Provide a Schema name and then click on Select slave servers. Mark all of them in the pop-up window and select OK.
Next, we want to make sure that Kettle can connect to all of the carte servers.
Right click on the cluster schema you just created and choose Monitor all slave servers:
For each of the servers Spoon will open a monitoring tab/window. Check the log in each monitoring window for error messages.
Define Clustering For Step
Add a Text input step for example
Right-click on the Text input step and choose Clustering.
In the Cluster schema dialog choose the cluster schema you created earlier on:
Click OK.
Note that the Text input step has a clustering indicator now:
Note: Only the steps that you assign the cluster schema this way will be run on the slave servers.

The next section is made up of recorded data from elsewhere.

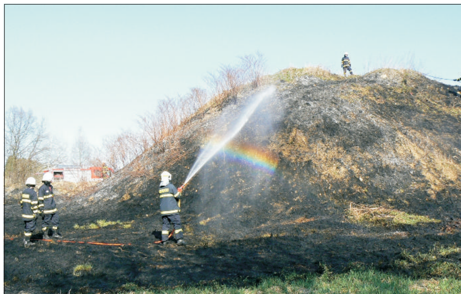
Prvního dubna vyjžděli ledeničtí hasiči k požáru trávy ve Srubci (Na Štětkách)
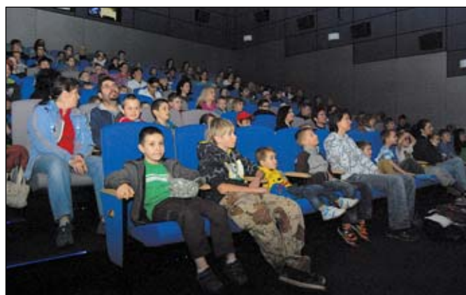
Kino promítalo hlavně pro děti - animovaný Čtyřlístek
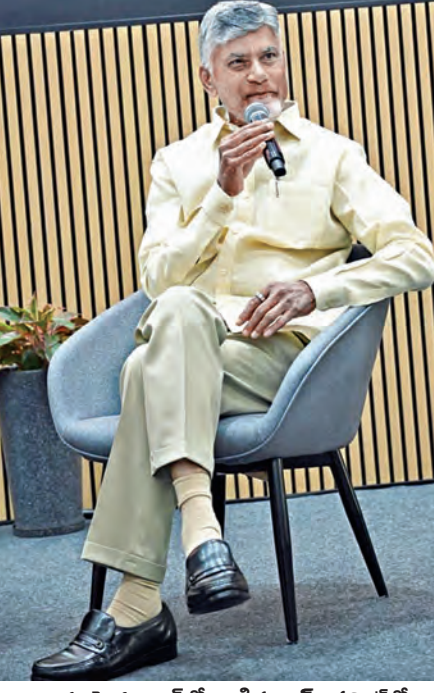
ఆదివారం హైదరాబాద్ లో జరిగిన ఐఎస్బి సమ్మిట్ లో ప్రసంగిస్తున్న సీఎం చంద్రబాబు

హైదరాబాద్(గోబుల్), మార్చి 22 ప్రభాతవార్త: నేడు ప్రపంచం ఏ.బి. క్యాంటం కంప్యూటింగ్, స్పేస్ టెక్నాలజీ దిశగా అడుగులు వేస్తుందని, డ్రోన్లు, ఎయిర్ ఆటోమోటివ్ లు విస్తరణ వేగంగా జరుగుతున్నాయని ఆంధ్రప్రదేశ్ రాష్ట్ర ముఖ్యమంత్రి నారా చంద్రబాబు నాయుడు అన్నారు. హైదరాబాద్ ను గ్లోబల్ సిటీగా మార్చడంలో తాము ఎంతో కట్టవద్దామని కీలక వ్యాఖ్యలు చేశారు. గచ్చిబౌలిలోని ఇండియాన్ స్పాకెట్ ఆఫ్ బిజినెస్(ఐఎస్బి)లో నిర్వహిస్తున్న సాత్ ఏషియా లెగ్సింగ్ సమ్మిట్లో ఆదివారం చంద్రబాబు నాయుడు ముఖ్యఅతిథిగా హాజరయ్యారు. ఈ సందర్భంగా ఆయన భవిష్యత్తు సాంకేతికత, ఏవ మినయోగం, డేటా భద్రతలకు చూడటం వంటి రంగం ప్రాముఖ్యతను గుర్తించిన తాము 30 ఏళ్ల క్రితమే ఐటీ రంగం మీద దృష్టి కేంద్రీకరించామని అన్నారు. నేడు డ్రోన్ టెక్నాలజీ అత్యధిక ప్రాధాన్యత ఉందని, ప్రస్తుత యుద్ధాల్లో డ్రోన్ టెక్నాలజీని ప్రపంచం గమనిస్తున్నదన్నారు. ప్రపంచం దృష్టిని ఆకర్షించేలా డేటా సెంటర్లు, పాలిటెక్నాలజీలు చేపట్టడం ద్వారా ఆంధ్రప్రదేశ్ ను అగ్రస్థానంలో నిలుపుతామన్నారు. విద్యుత్ సంక్షోభం నుంచి మిగులు విద్యుత్ సాధించే విధంగా నేడు ఆంధ్రప్రదేశ్ రాష్ట్రం పయనించిందని, ప్రస్తుతం గ్రీన్ పవర్, వింగ్, సోలార్ విద్యుత్ రంగం గాను ప్రోత్సహిస్తున్నామన్నారు. గ్రీన్ ఎనర్జీ మినయోగంలో దక్షిణ భారత్ లోనే ఆంధ్రప్రదేశ్ అగ్రగామిగా ఉండవచ్చు. 2014 నుంచి 2019 మధ్య ఆంధ్రప్రదేశ్ రాష్ట్రంలో ఎన్నో సంస్కరణలు తీసుకు తీసుకువచ్చినట్లు తెలిపారు. ఆంధ్ర ప్రదేశ్ రాష్ట్రాన్ని దేశంలోనే అగ్ర స్థాయి ఆర్థికవ్యవస్థగా తీర్చిదిద్దాలి విజన్ దాకట్టుమోడల్
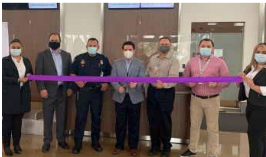
En la inauguración de módulos.

victoriagprado@gmail.com Twitter: @victoriagprado
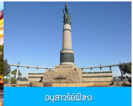
อนุสาวรีย์ฝังหง
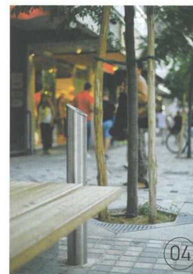
04 Πέραν των κάδων απορριμμάτων σε διάφορα σημεία, δίπλα σε κάθε καθιστικό υπάρχει ειδικός κάδος για τους καπνιστές. Οι θεριακλήδες μπορούν να σβήσουν εκεί τα τσιγάρα τους (μέχρι να πάρουν την απόφαση να κόψουν το κάπνισμα...).
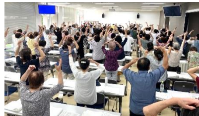
みんなで歌って踊って盛り上がっています

9月14日の歌声サロン内で埼玉県深谷警察署生活安全課と交通安全課より振り込み詐欺や空巣、交通事故の近況を伺い、だまされない方法やそれぞれの対策を教えてくださいました。
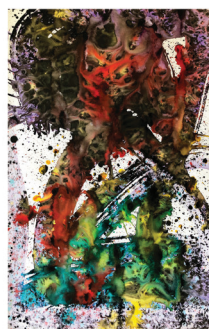
Brexit et Catalogne Les voies inconnues
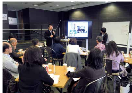
資料画像を共有しながら理解を深めます
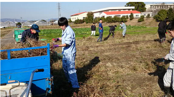
収穫圃場の撤収作業(後片付け)
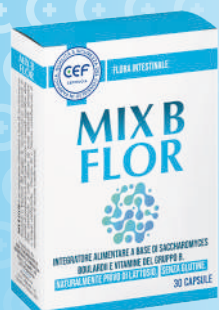
MIX B FLOR 30 capsule
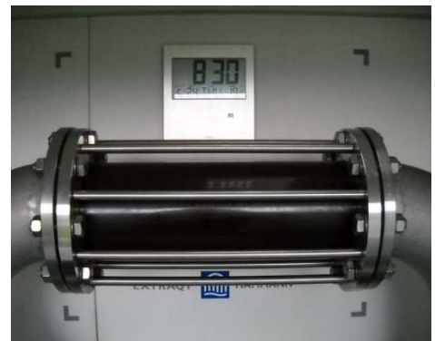
Abbildung 3: Trübung in Schauglas während des ExtraQt®-Prozesses
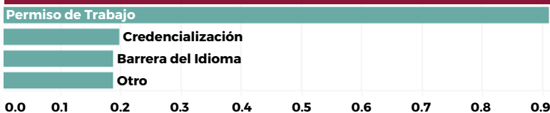
Figura 1. Desafíos principales del empleo (proporción de inscripciones)

Los obstáculos para el empleo primario eran la falta de autorización de trabajo o de permiso de trabajo. Los encuestados también notaron la incapacidad de transferir habilidades y credenciales de su país de origen, y la falta de conocimiento del idioma inglés.
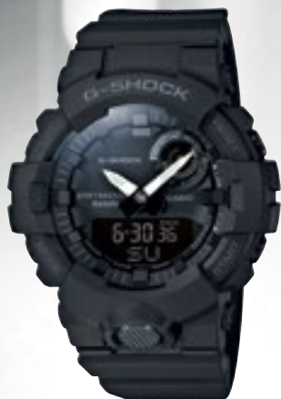
GBA-800-1AER | 3 290 Kč*
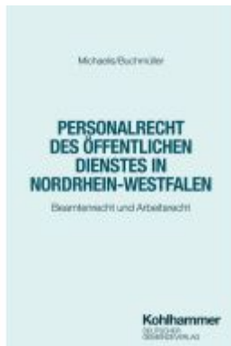
Personalrecht des Öffentlichen Dienstes in Nordrhein-Westfalen Ladenpreis: 45,30EUR
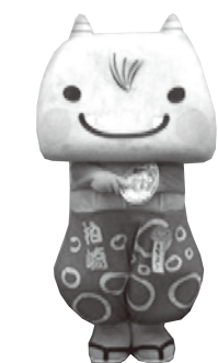
⑥ 手をあわせて腕を開く
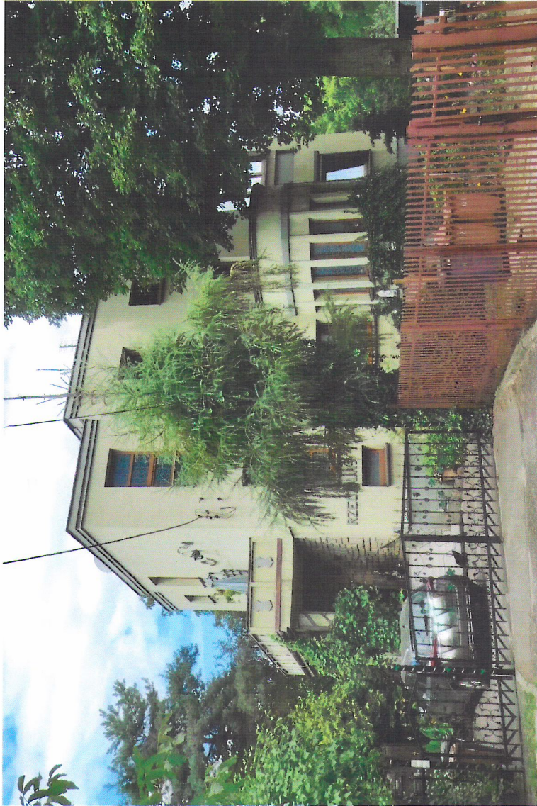
Widok budynku od północnego-wschodu

7. Fotografia z opisem wskazującym orientację w stosunku do sąsiednich terenów lub stron świata albo mapa z zaznaczonym stanowiskiem archeologicznym
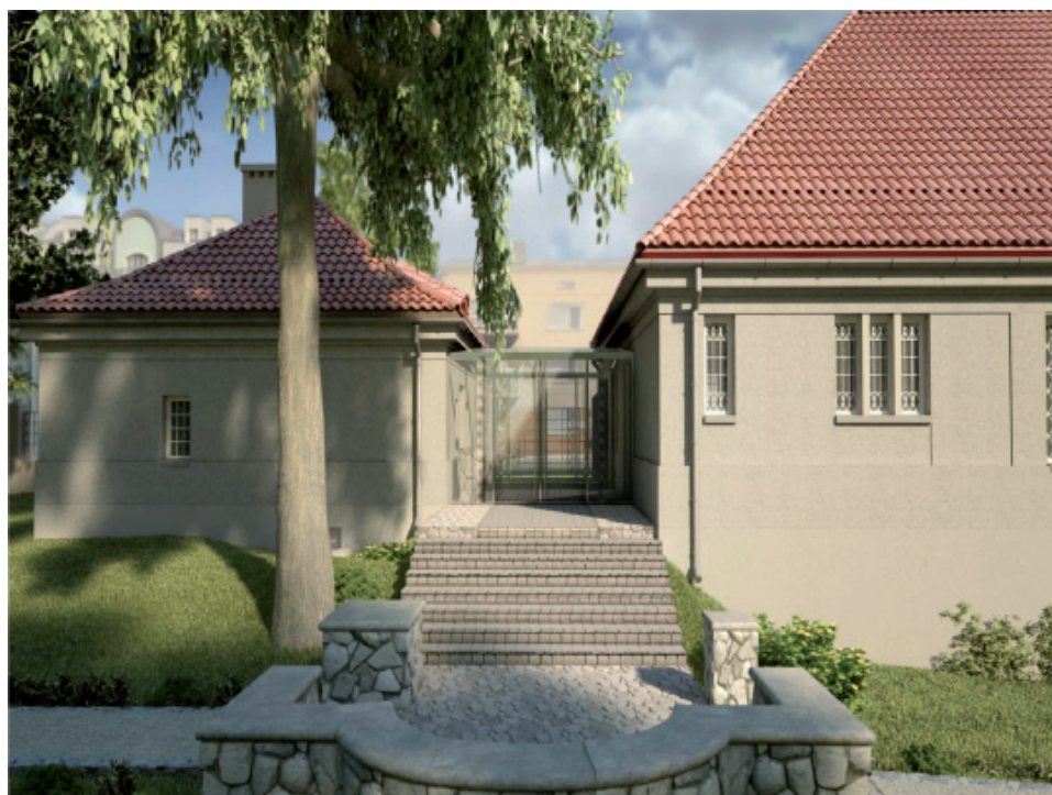
Fot. 6. Wizualizacja obiektu po renowacji. Frame Studio Dariusz Wierzbowski

All other ones will be run on the master server.
Our input dataset:
In this example, all the steps will be executed on the slaves (as indicated by the Cx2).
To run the transformation on our local environment, click the execute button and choose “Execute clustered”
The last option Show transformations is not necessary for running the transformation, but helps to understand how Kettle creates individual transformations for your slave servers and master server in the background.
How to create a partitioning schema
Create a new transformation (or open an existing one). Click on the View tab on the left-hand side and right click on Partition schemas. Choose New:
If we want to define a dynamic schema. Tick Dynamically create the schema definition and set the Number of partitions by slave server to 1:
How to assign the partition schema
Right-click on the step that we want to assign the partition schema to and choose Partitioning.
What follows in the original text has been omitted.